== Aim of the task ==
Restate the lines of the material below word for word, from the first through the one containing "醫(yī)務(wù)人員為僑", and include nothing else; pictures stay out.

== Supplied information ==
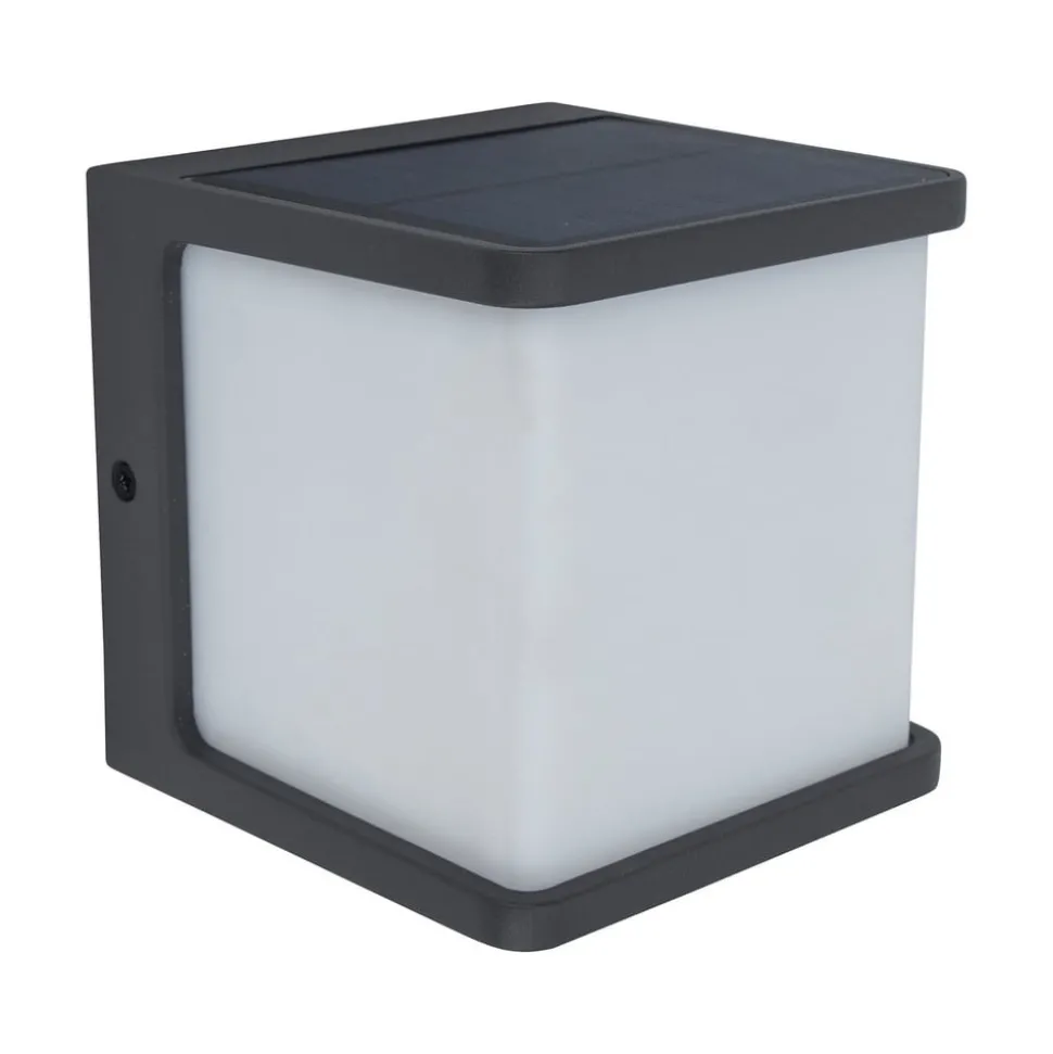 Til tross for sin kompakte og ganske usmykkede design, viser Doblo LED utendørs vegglampe seg å være spesielt praktisk. Et solcellepanel over lampen genererer strøm fra sollys, som lagres i et batteri. En bryter brukes til å velge mellom fire moduser, og aktiverer dermed den integrerte bevegelses- og skumringsbryteren. DIM-modus muliggjør også permanent belysning som er nedtonet og deretter lyser opp når du beveger deg.
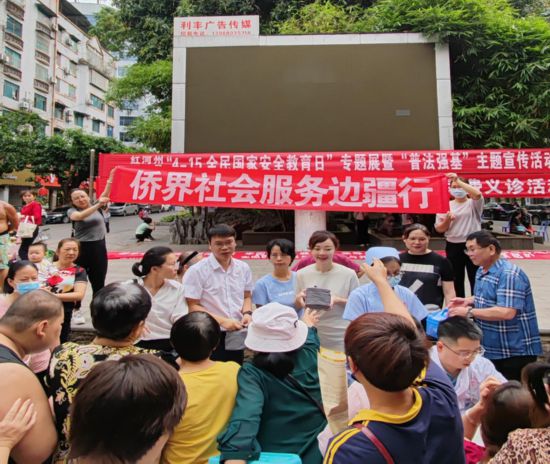 醫(yī)務(wù)人員為僑界群眾量血壓、查病情、開藥方;致公黨干部為僑界群眾找藥送藥;州縣僑聯(lián)干部開展涉僑法律法規(guī)講解,并向群眾發(fā)放普法宣傳手冊及宣傳單。整個服務(wù)活動場景熱情與和諧、親切與融洽交織在一起,體現(xiàn)了為僑服務(wù)宗旨,也增進了干群關(guān)系與感情。
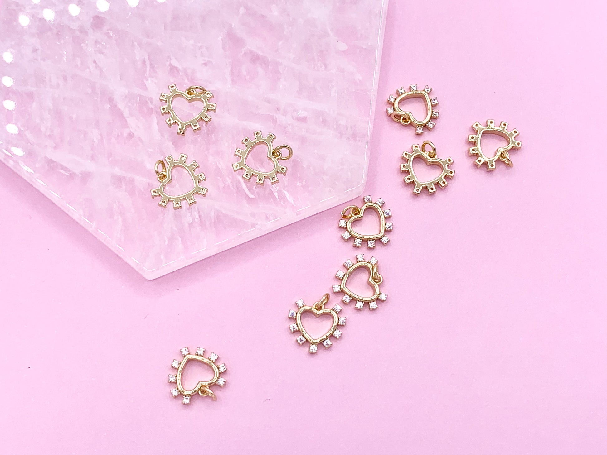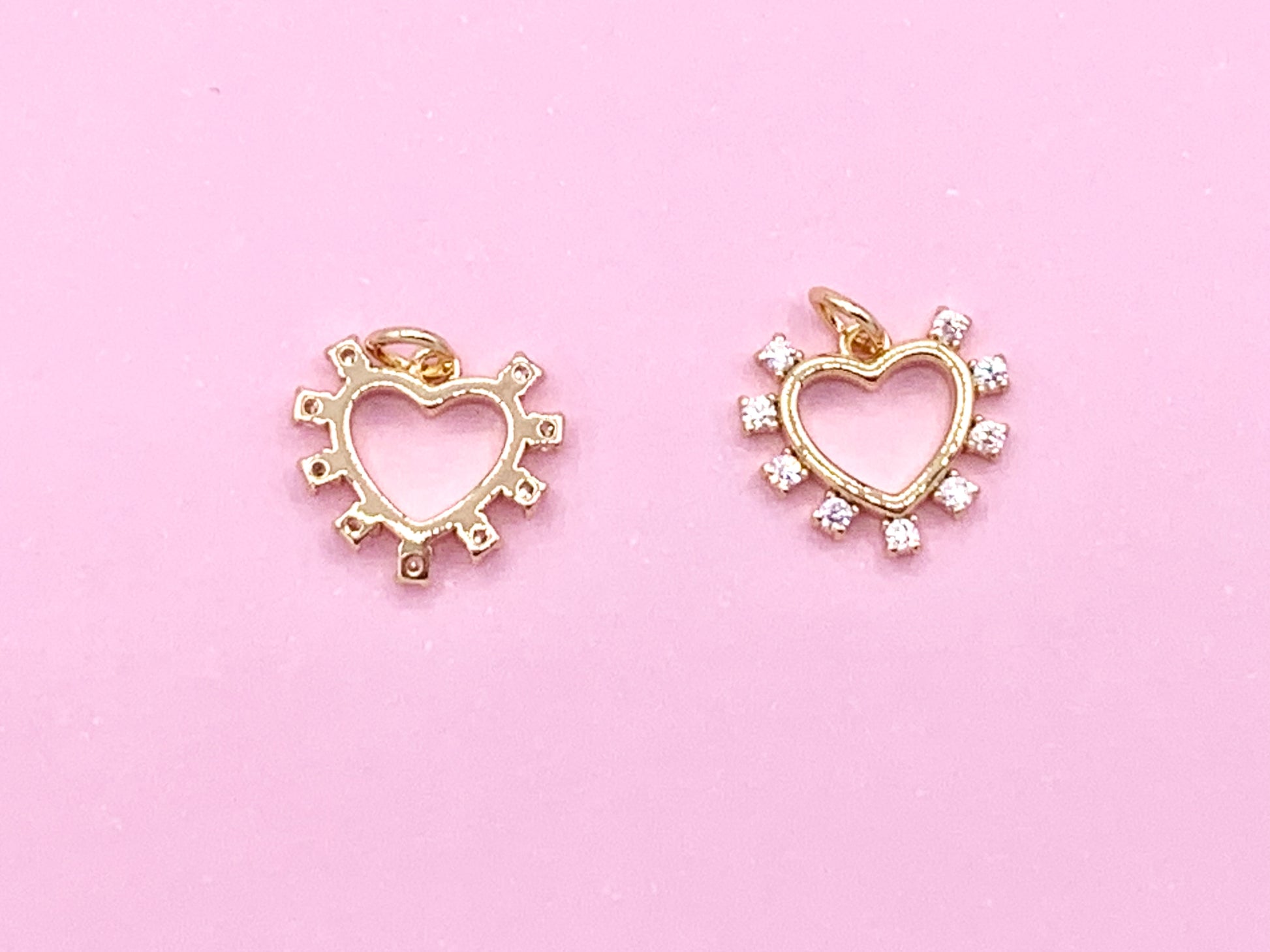 Cute Heart Charms in CZ Pave plated in 18K Gold Copper Base. These charms can be wonderful made into bracelets, dainty necklaces, earring drops and even used for crafts.

== Exercise output ==
 Til tross for sin kompakte og ganske usmykkede design, viser Doblo LED utendørs vegglampe seg å være spesielt praktisk. Et solcellepanel over lampen genererer strøm fra sollys, som lagres i et batteri. En bryter brukes til å velge mellom fire moduser, og aktiverer dermed den integrerte bevegelses- og skumringsbryteren. DIM-modus muliggjør også permanent belysning som er nedtonet og deretter lyser opp når du beveger deg.
 醫(yī)務(wù)人員為僑界群眾量血壓、查病情、開藥方;致公黨干部為僑界群眾找藥送藥;州縣僑聯(lián)干部開展涉僑法律法規(guī)講解,并向群眾發(fā)放普法宣傳手冊及宣傳單。整個服務(wù)活動場景熱情與和諧、親切與融洽交織在一起,體現(xiàn)了為僑服務(wù)宗旨,也增進了干群關(guān)系與感情。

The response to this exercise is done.